The Sofala health authorities received on 5 February 5,000 more litres of intravenous rehydration solution.
The cholera epidemic since mid-August has now killed a total of 412 people, Deputy Health Minister Abdul Razak Noormahomed announced.
The worst situation is in the central port city of Beira. Noormahomed described it as "dramatic and worrying because of the poor sanitation conditions in the city".
In Maputo province the cumulative total is 2,058 registered cases and 58 deaths, mostly in Matola.
In Gaza province there have been 763 cases and 11 deaths.
In Manica province there have been three cases of cholera, and in Inhambane two, none of whom have died. Northern Mozambique is so far totally free of the disease.
The basic treatment for cholera is simply to replace the fluids lost through the violent diarrhoea and vomiting. This requires copious amounts of intravenous rehydration solution. Health authorities have sufficient stocks for several more weeks.
Russia has agreed to an 80 per cent discount on Mozambique's debt to the former Soviet Union. According to the Planning and Finance Ministry, technical negotiations between Mozambican and Russian delegations took place in Moscow from 28 to 30 January. These talks finally agreed a figure for the debt of $2.5 billion as of 1 January.
One of the reasons no progress had previously been made in dealing with the debt was that the Mozambican and Russian figures were not the same - a problem arising from the exchange rate of the rouble.
The Russian authorities then agreed to write down the debt to $509 million dollars, a discount of 80 per cent. This is the discount agreed to by the Club of Paris, the grouping of major creditor nations, in mid-January: and it is not as generous as some western governments and NGOs such as Oxfam had been arguing for. The British government, for instance, had been in favour of a 90 per cent reduction in Mozambique's debt stock.

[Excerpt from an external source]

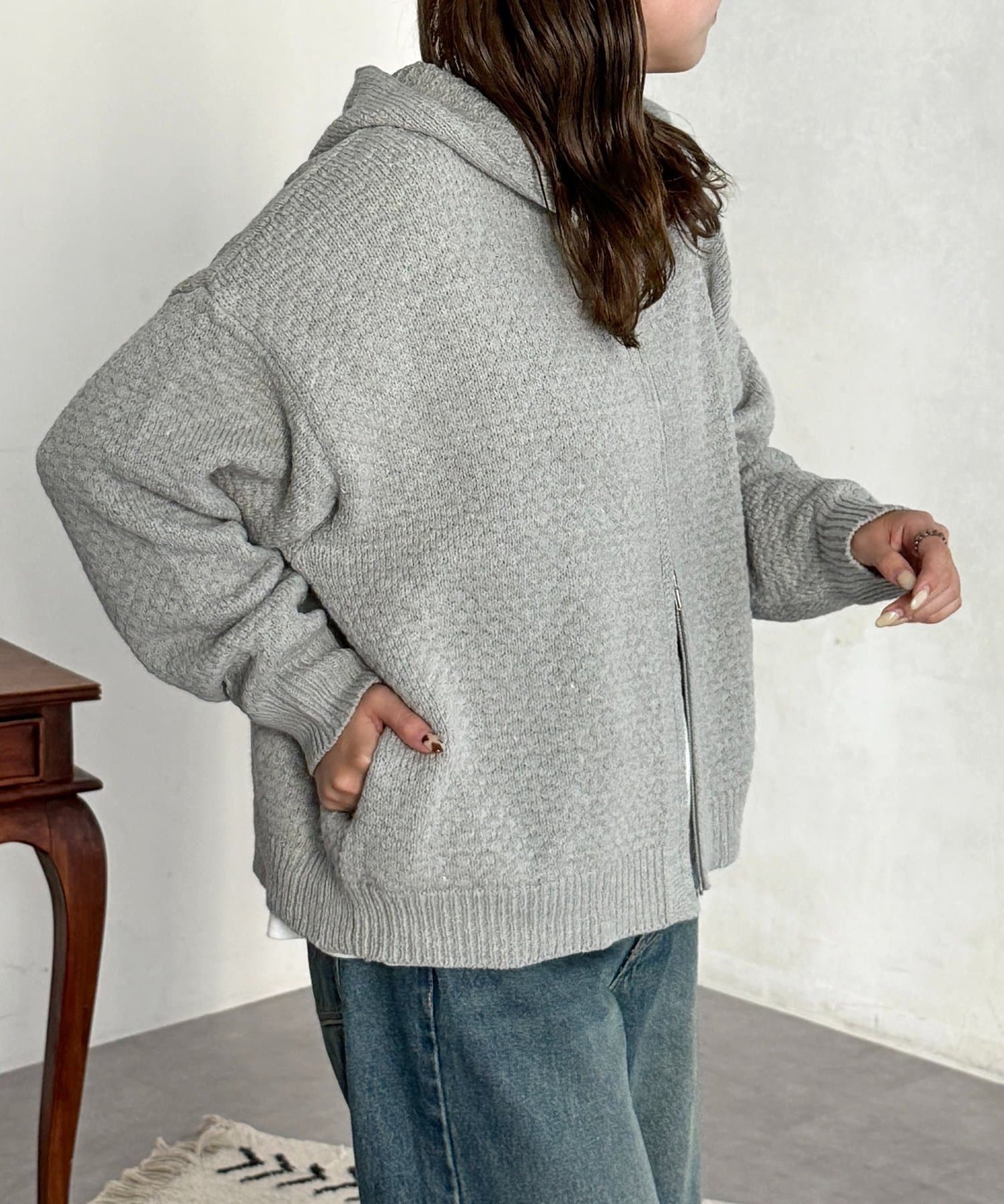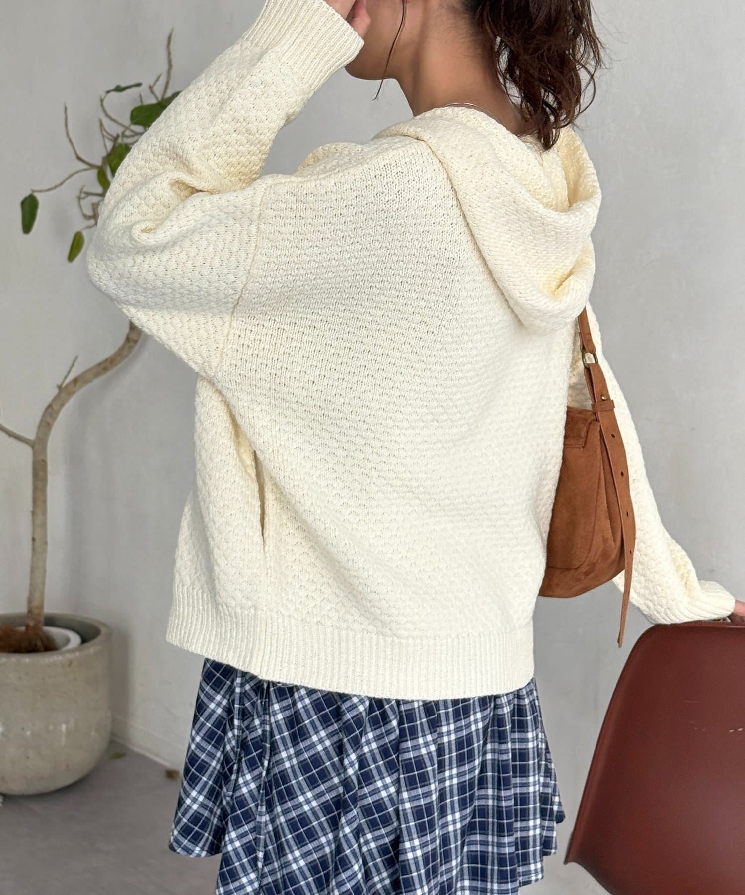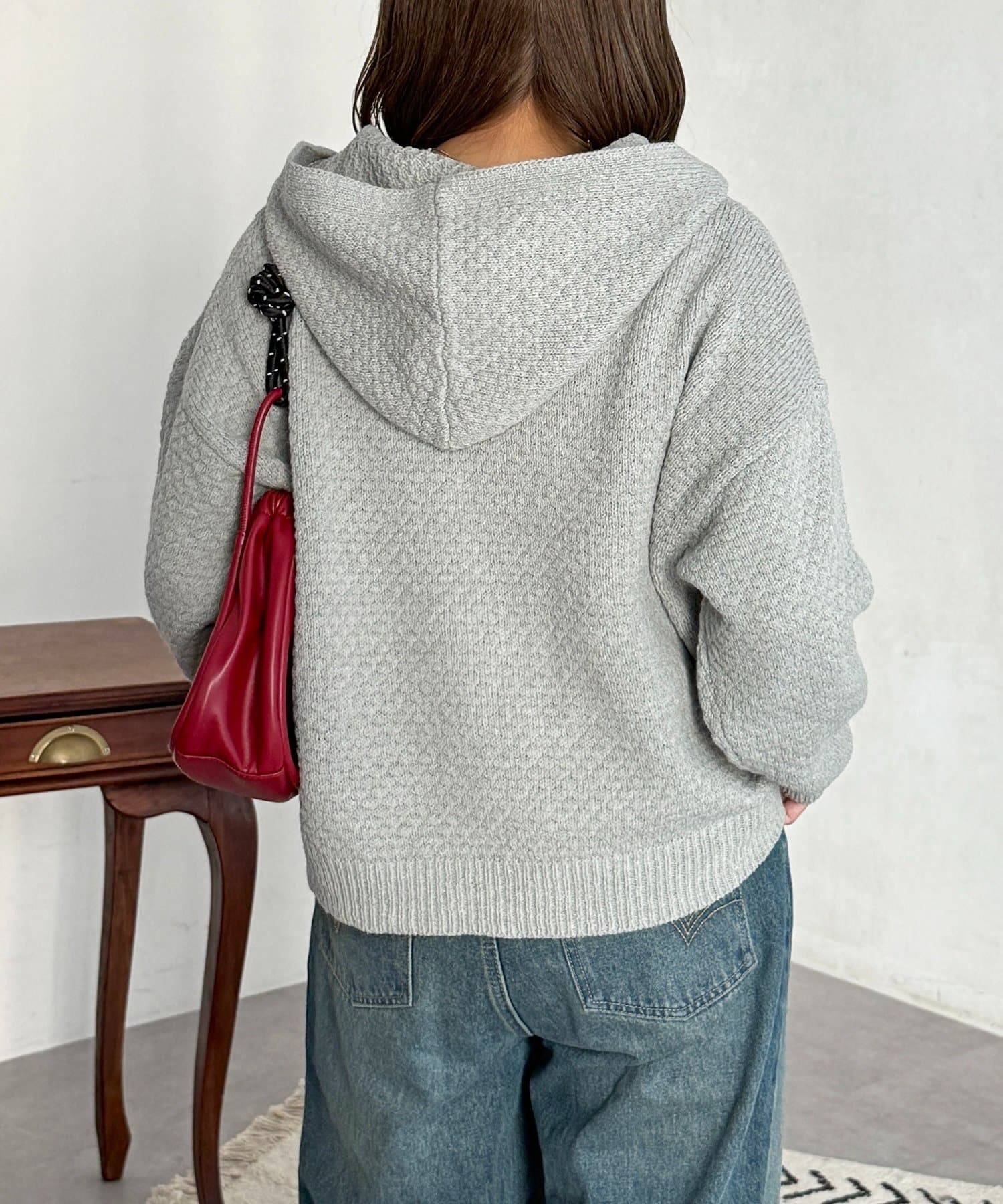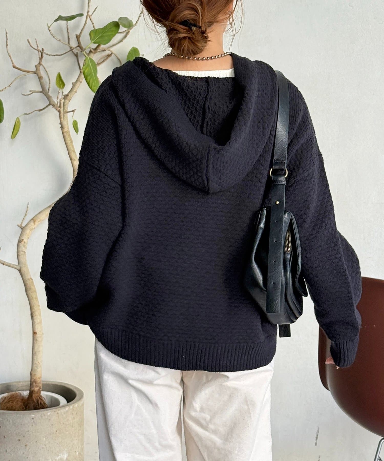 表情豊かな「ぽこぽこ」とした編み地がポイントのニットパーカー

The remaining debt to Russia has been rescheduled under the "Naples terms" granted to Mozambique by the Club of Paris in November 1996. The debt will be rescheduled over 33 years, at an interest rate of 0.8 per cent per annum.
Further negotiations over the debt to Russia will take place in the second quarter of this year, the release announced.
About two thirds of this debt was military, resulting from the armament provided by the Soviet Union to the Mozambican armed forces during the wars of destabilisation waged against Mozambique by the Rhodesian and South African white minority regimes. The rest is the legacy of a number of civilian projects involving Soviet equipment.
Experts from the Romanian Finance Ministry and the Foreign Trade Bank arrived in Mozambique on 1 February to assess the level of Mozambique's debt to this former socialist country.
The Romanian charge d'affaires, Valeriu Nicolae, said that the debt is estimated at around $100 million. Nicolae said that "a solution to the debt problem should take into consideration the Mozambican economy's real ability to pay, and the undertakings given to international financial institutions".
He claimed that Romania had never made the development of trade or of bilateral economic cooperation dependent upon solving the debt issue, and that Romania is proposing a broadening of the judicial framework for relations between the two countries.